One way to shorten the computational graph is to use
.detach()
when the hidden state is passed when learning RNN with a truncated version of backpropagation-through-time. It is also convenient when differentiating losses, when one of the components is the output of another network, but this other network should not be optimized with respect to losses. As an example, I will teach the discriminatory part on the output material generating when working with the GAN, or the policy training in the actor-critic algorithm using the objective function as the base function (e.g. A2C). Another technique that prevents the calculation of gradients is effective in training GAN (training of the generating part on discriminant material) and typical in fine tuning is the cyclic enumeration of network parameters for which
param.requires_grad = False
.
It is important not only to record the results in the console / log file, but also to set breakpoints in the model parameters (and the optimizer state) just in case. You can also use
torch.save()
to save regular Python objects, or use another standard solution - the built-in
pickle
.
Testing
model.eval() test_loss, correct = 0, 0 with torch.no_grad(): for data, target in test_loader: data = data.to(device=device, non_blocking=True) target = target.to(device=device, non_blocking=True) output = model(data) test_loss += F.nll_loss(output, target, reduction='sum').item() pred = output.argmax(1, keepdim=True) correct += pred.eq(target.view_as(pred)).sum().item() test_loss /= len(test_data) acc = correct / len(test_data) print(acc, test_loss)
In response to
.train()
networks need to be explicitly put into evaluation mode using
.eval()
.
As mentioned above, when using a network, a computational graph is usually compiled. To prevent this, use the
no_grad
context
no_grad
with
with torch.no_grad()
.
Some more
This is an additional section, in which I made a few more useful digressions.
Here is the
official documentation explaining working with memory.

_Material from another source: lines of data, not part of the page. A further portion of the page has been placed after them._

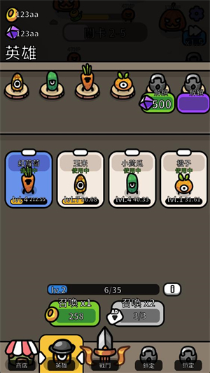 2、点击下方的英雄按钮可以召唤不同的水果,召唤后你可以选择上阵或者用来强化其他水果。
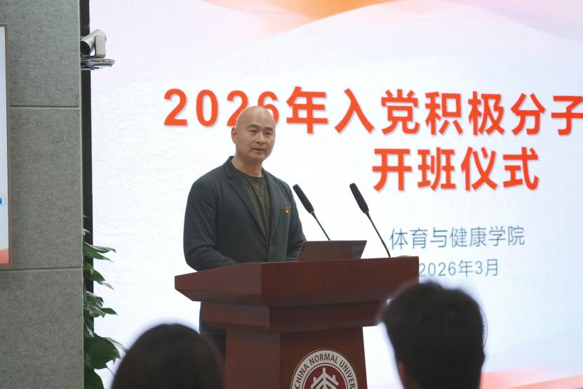 3月25日下午,华东师范大学体育与健康学院2026年学生入党积极分子培训班在学院二楼报告厅开班。本次培训班以习近平新时代中国特色社会主义思想为指导,以筑牢理想信念、锤炼党性修养、勇担时代使命为目标,引导青年学子将个人成长融入体育强国、教育强国建设。学院党委副书记兼副院长李浩、特邀党建组织员徐波等教师代表和学生党支部书记代表及全体学员参加仪式。专职组织员袁春主持开班仪式。
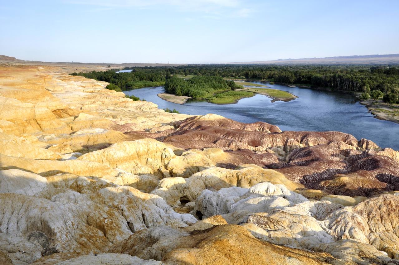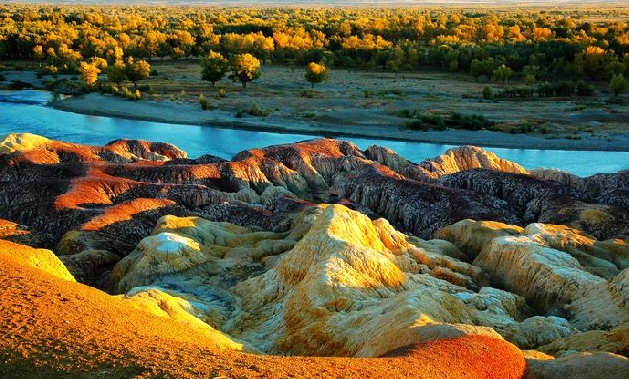 五彩滩位于布尔津县城以北约24公里处,是前往哈巴河县与喀纳斯的必经之路。它毗邻碧波荡漾的额尔齐斯河,与对岸葱郁青翠的河谷风光遥相辉映,可谓“一河隔两岸,自有两重天”。激猛的河流冲击以及狂风侵蚀,形成了北岸的悬崖式雅丹地貌,河岸岩层抗风化能力强弱不一,轮廓便会参差不齐,而岩石含有矿物质的不同,又幻化出种种异彩,因此得名“五彩滩”。 版权所有聊城聊之旅国际旅行社有限公司,转载必究!而南岸却是绿树葳蕤,连绵成林,远处逶迤的山峦与戈壁风光尽收眼底。

CUDA errors? It’s hard to fix them, and usually they are connected with logical inconsistencies, according to which more sensible error messages are displayed on the CPU than on the GPU. Best of all, if you plan to work with the GPU, you can quickly switch between the CPU and GPU. A more general development tip is to organize the code so that it can be quickly checked before starting a full-fledged task. For example, prepare a small or synthetic dataset, run one era train + test, etc. If the matter is a CUDA error, or you cannot switch to the CPU at all, set CUDA_LAUNCH_BLOCKING = 1. This will make the CUDA kernel launches synchronous, and you will receive more accurate error messages.
A note on
torch.multiprocessing
or just running multiple PyTorch scripts at the same time. Because PyTorch uses multi-threaded BLAS libraries to speed up linear algebra computations on the CPU, usually several cores are involved. If you want to do several things at the same time, using multi-threaded processing or several scripts, it may be advisable to manually reduce their number by setting the environment variable
OMP_NUM_THREADS
to 1 or another low value. Thus, the probability of slipping the processor is reduced. The official documentation has other comments regarding multithreaded processing.